The main intension of this fund is to secure the lives of the working class people and their dependents in case of premature death of the working person. Mainly aimed at the salaried people in the organized sector, the fund will secure the lives of the person at the old age and also the lives of the dependents in case of premature deaths due to multiple reasons.
The working class are mandated to contribute a certain amount every month to the corpus of the fund and this savings will be useful for the people post-retirement and secure their life post-retirement. The EPF Scheme was introduced under the Employees Provident Fund and Miscellaneous Act of 1952.
Features of Employee provident Fund
Employee Provident Fund managed by the Board of Trustees which consist of members from all parties that are is the employer, employee and the government. The board of trustees is the main administrative body of the fund. The Board of Trustees comes under the employee provident fund organization which assists the board in all its activities. The EPFO comes under the ministry of the labour and Employment Government of India.
Employee provident fund contribution must be done equally by both the employer and the employee and the percentage amount that has to be contributed to the fund is 12% of the basic salary every month.
Every company that has more than 20 people has to register with the EPF for its employees.
Every Individual whose income is less than 15000 has to mandatorily register in the EPF. and For employees whose income is more than 15000 can register in EPFO voluntarily.
The Fund that is contributed to the EPFO earns interest every year and will be added to the corpus. The amount of interest that will be credited is decided by the EPFO each year.
Eligibility for EPF
All the salaried employees who are working in private and public organization within India are eligible for the benefit of having an EPF account.
All companies which have more than 20 employees have to register their employees under EPFO. An organization with less than 20 employees can voluntarily register with EPFO.
Every salaried person whose income is less than 15000 has to be registered under EPFO. The employees with a salary of more than 15000 can register voluntarily in EPF.
Benefits of having an EPFO account
Employee provident fund will have a good interest rates and is a good option to build your corpus for your retirement needs and pension. The interest rates is around 8.5% which is very much high when compared to almost all of the major banks savings accounts.
The fund will help in securing the lives of the dependents in times of premature death of the working head of the family. His EPF contribution will help the dependents to secure their lives.
The EPFO amount comes with Tax savings options. the fund contributed to EPF is tax free and also the interest that is earned is also tax free and hence helps in building a tax free corpus for the retirement needs.
Important points regarding Interest in EPF Fund
Interest Rate of EPF Scheme The Employee Provident Fund offers a pre-fixed interest rate which stands at 8.55% for the fiscal year 2019 – 2020. The interest amount accumulated on the investments made in the PF online account is tax-free.
The rate of interest will apply only on EPF deposits which are made between the financial year April month of this year to March month of the next year. The interest amount on the EPF is calculated monthly and will be transferred to the Employees’ Provident Fund account every year on March 31 of the applicable financial year.

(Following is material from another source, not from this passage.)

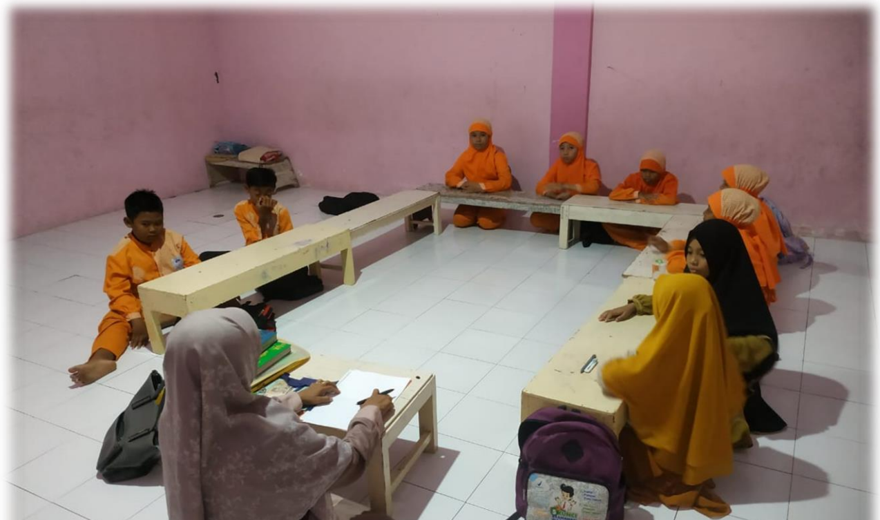
Suasana Saat Proses Pembelajaran
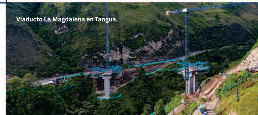
Viaducto La Magdalena en Tangua.

7 La Magdalena, en Tangua: 50 metros de alto y 193 metros de longitud. Estado: Elevación de sus pilas principales y el armado los carros de avance.

If any kind of contribution is not made into an EPF account for thirty-six months continuously, then that account will become dormant or non-operative.
The transferred interest amount of the EPF (yearly ones) will be summed up with the next month i.e. April’s balance and it will again be used for calculating the interest.
The interest will be offered on the non-operative accounts of employees who have still not attained the retirement age.
The interest earned on the non-operative accounts is subject to income tax based on the member’s tax slab rate. Interest will not be provided on the amount which will be deposited in an inoperative or non-operative account of the retired employees.
Any kind of contributions made towards the Employees’ Pension Scheme by the employer, the employee will not fetch any interest. But a pension is paid out of this amount after an employee attains 58 years.
Employees can calculate the interest amount accumulated in the EPF account at the end of a given financial year and this amount will be added along with the contributions made by the employer and employee at the end of the year to arrive at the total balance accumulated in the account.
The interest in the operative provident fund account of employees will be paid only to those who are yet to retire. But the accrued interest on such accounts is eligible to be taxed based on the EPF employee member’s tax slab.